__WHAT IS REQUIRED__
Below are the records; give again exactly the lines from the one containing "Wabi-Sabi aesthetic: sculptural" through the one containing "Borepoint is a", leaving out pictures.
──────── RECORD EXTRACTS ────────
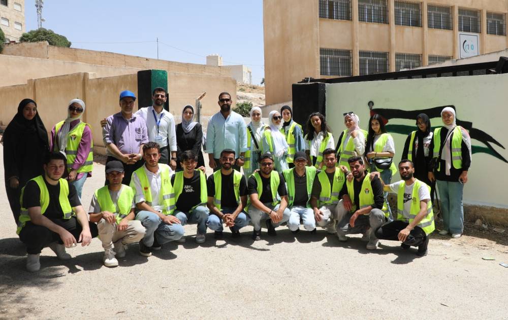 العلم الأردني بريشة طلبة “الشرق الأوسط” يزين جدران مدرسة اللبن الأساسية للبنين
────────
──────── RECORD EXTRACTS ────────
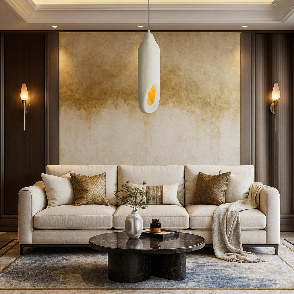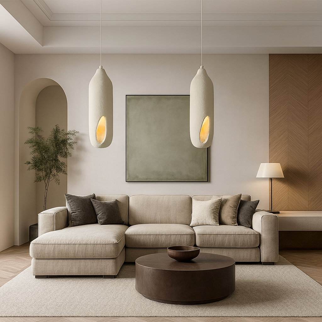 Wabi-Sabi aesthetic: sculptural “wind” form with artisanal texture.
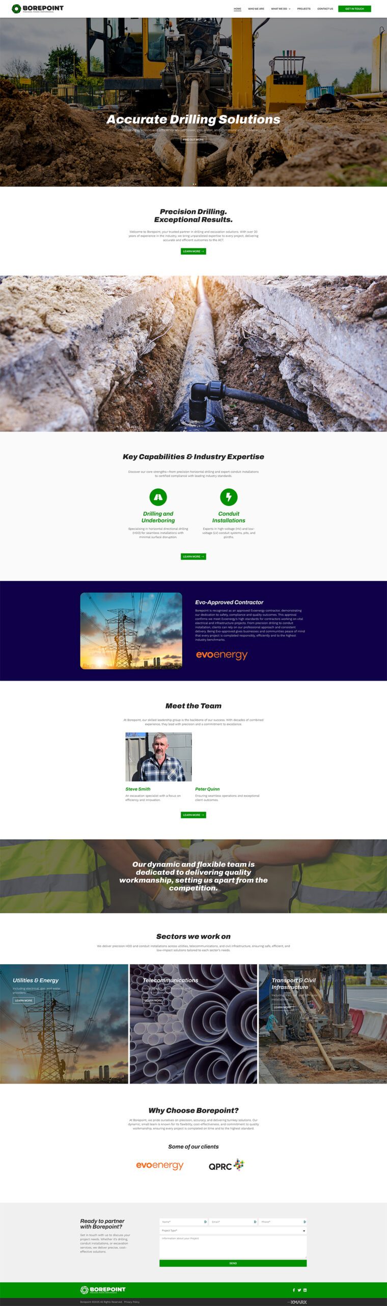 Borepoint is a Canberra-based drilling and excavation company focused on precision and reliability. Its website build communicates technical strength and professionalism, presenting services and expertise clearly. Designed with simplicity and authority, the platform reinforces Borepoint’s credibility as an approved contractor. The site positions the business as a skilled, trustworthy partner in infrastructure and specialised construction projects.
────────
__ANSWER TO THE EXERCISE__
 Wabi-Sabi aesthetic: sculptural “wind” form with artisanal texture.
 Borepoint is a Canberra-based drilling and excavation company focused on precision and reliability. Its website build communicates technical strength and professionalism, presenting services and expertise clearly. Designed with simplicity and authority, the platform reinforces Borepoint’s credibility as an approved contractor. The site positions the business as a skilled, trustworthy partner in infrastructure and specialised construction projects.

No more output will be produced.